Pietro I, zar di Russia, aveva un sogno: occidentalizzare il suo impero, per competere con le principali potenze d’Europa. Per attuare questo processo di riforma culturale, lo zar ci si mise d’impegno, viaggiando personalmente per mezza Europa e apprendendo il più possibile dai costumi locali (prevalentemente olandesi e inglesi). Una cosa in particolare colpì Pietro: nessuno portava la barba.
Di ritorno a San Pietroburgo, lo zar volle convocare i suoi consiglieri e la nobiltà russa, per riferire loro quanto visto e appreso. Davanti gli occhi dei più potenti uomini dell’Impero, lo zar prese tra le mani un kit da barbiere, afferrò delle forbici e uno ad uno fece avvicinare i nobili.

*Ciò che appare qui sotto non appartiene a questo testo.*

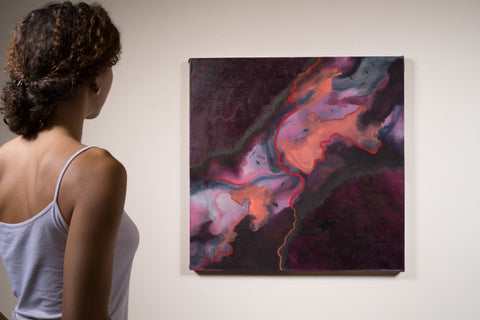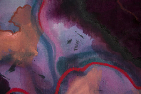This was the second piece Gabriela Gil worked on after relocating her studio from San Francisco to New York City. This was a highly experimental period in her practice where she began dying the fabric before working on it, and in general, explored the possibilities of material to spark visual and emotional effects.
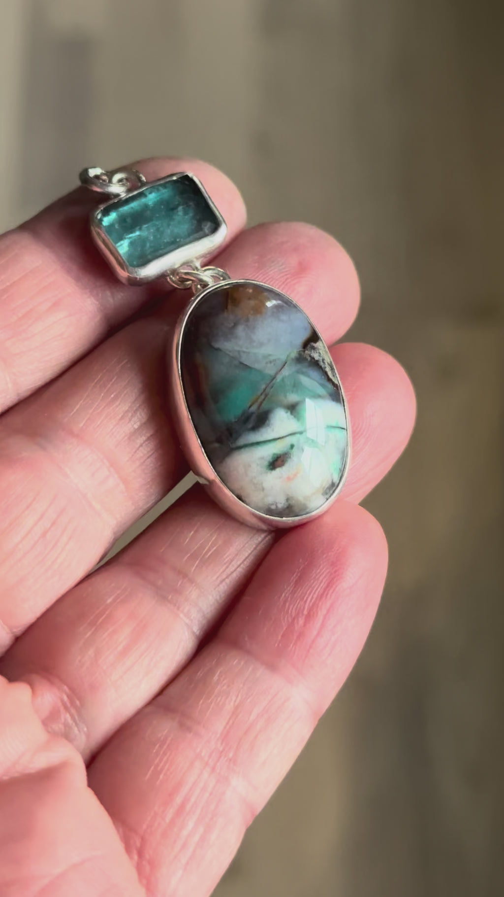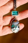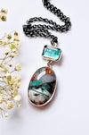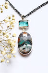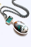 This one of a kind necklace features a beautiful opalized wood from Indonesian which is paired with a teal colored kyanite in a sterling silver design. The stones are joined together by a soldered split ring.
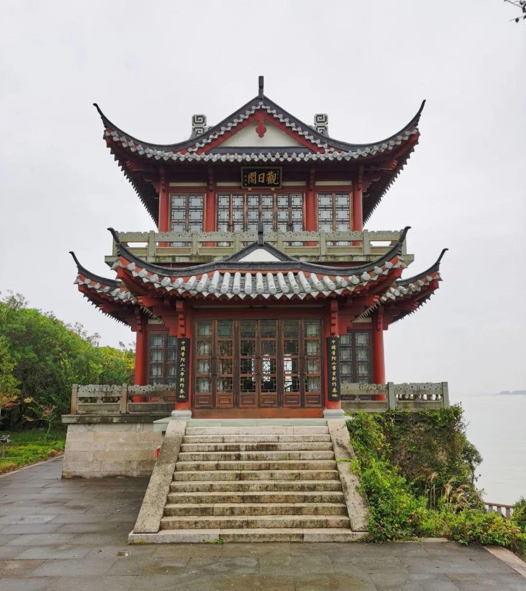 观日阁,顾名思义,这里是普陀岛东面临海处晨观日出的地方。此阁端庄典雅,古色古香,风光旖旎,凭栏观海,不胜快哉。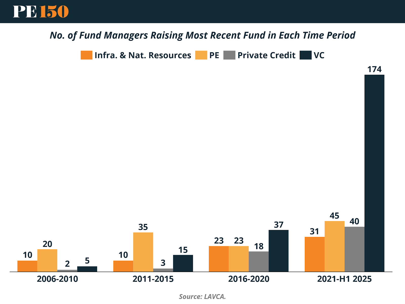 The most striking development comes in 2021–1H 2025. Infrastructure managers increased to 31, PE managers to 45, and Private Credit to 40. However, the standout figure is Venture Capital, with 174 managers raising funds during the period — an exponential expansion compared to prior cycles.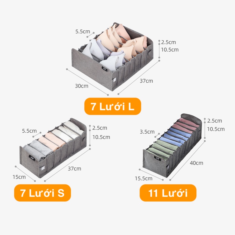 SUPO DEPOT - Túi vải dày dặn xếp gọn chia 7/11 ngăn đựng nội y/ tất cho ngăn kéo tủ quần áoGiá CGT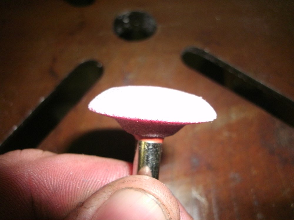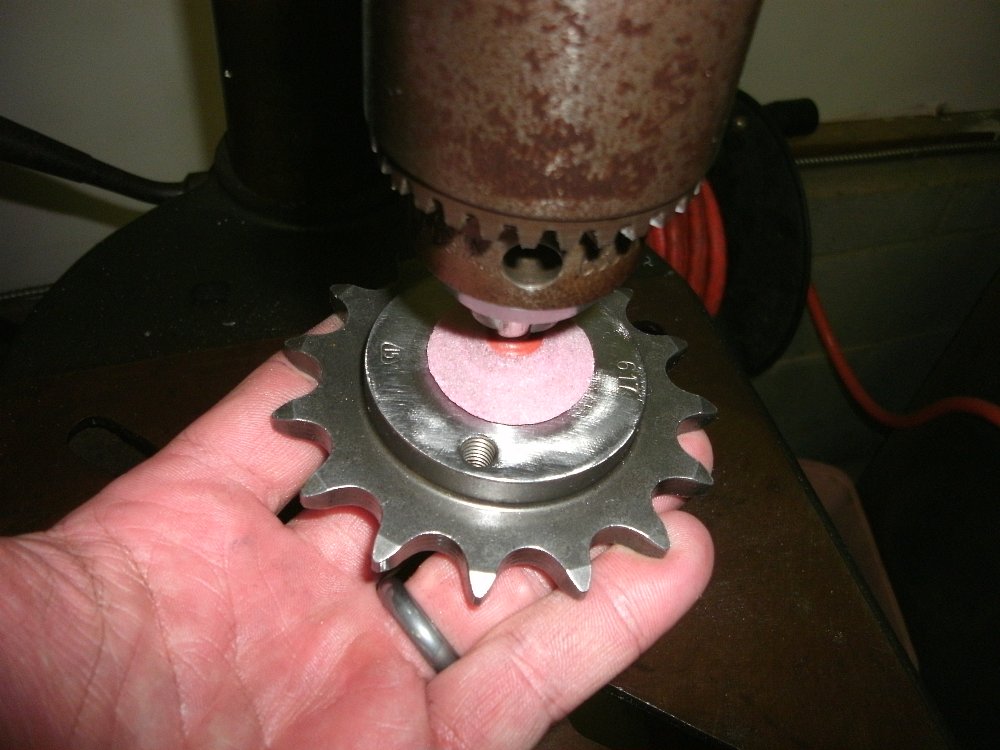 I ordered a 15-tooth sprocket for an XR650R, and test fit it. Mounted backwards, it fit the shaft beautifully in every way except for its depth. It would not slide inboard far enough for the sprocket keeper to slip into its groove. I considered facing the entire sprocket in a lathe. That method would probably work well. The solution I finally employed, though, was slightly different. I put a shank-mounted stone with a very convex face in the chuck of the drill press, and began removing material from the center of the sprocket.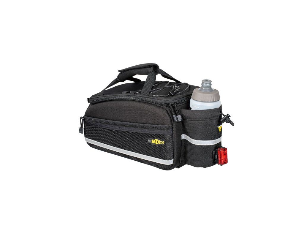 Odolná brašna TrunkBag kompatibilní s technologií MTX QuickTrack®. Kromě hlavní komory obsahuje dvě boční přihrádky ze síťoviny pro větší kapacitu a zadní držák na láhev.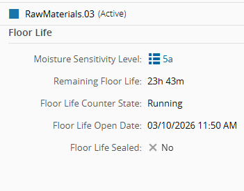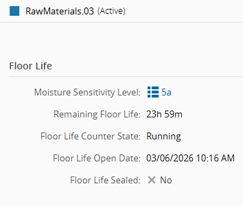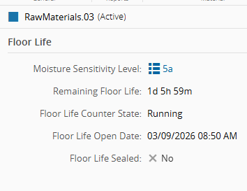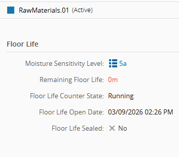 - Floor Life Safe - determines whether the remaining floor life is paused while the material is stored.

L’intento fu chiaro e generò clamore. Lo zar tagliò personalmente la folta barba a chiunque si presentasse al suo cospetto. Per il modello occidentale, la barba era sinonimo di arretratezza e inciviltà, Pietro attuò alla regola l’esempio. Le dichiarazioni drastiche dello zar non lasciarono meno stupiti, chiunque in Russia doveva radersi.
Ma con le buone si sa, non si risolve nulla. Ragion per cui Pietro, con una mossa abbastanza impopolare (come se l’opinione pubblica nella Russia settecentesca valesse qualcosa), iniziò a tassare chiunque volesse farsi crescere la barba. Per la nobiltà la tassa da pagare equivaleva a 100 rubli l’anno, per il ceto meno abbiente, un kopek (un centesimo).
Cosa accadeva a chi decideva di non pagare? Beh, la clemenza non era proprio il punto forte delle autorità zariste; si finiva in prigione, tra un’interrogazione ed un’altra si giungeva ad una condanna e poi al pagamento di una salatissima sanzione.
Secondo lo zar il cambiamento doveva iniziare dalle piccole cose…E in effetti qualcosa da allora è cambiato nell’impero russo: le acconciature. Nella storia però Pietro non è un caso isolato. Basti pensare al fatto che una tassa simile era stata imposta dal re inglese Enrico VIII nel 1535. Chissà in quanti non avranno rispettato le disposizioni di Pietro, “in barba” all’autorità.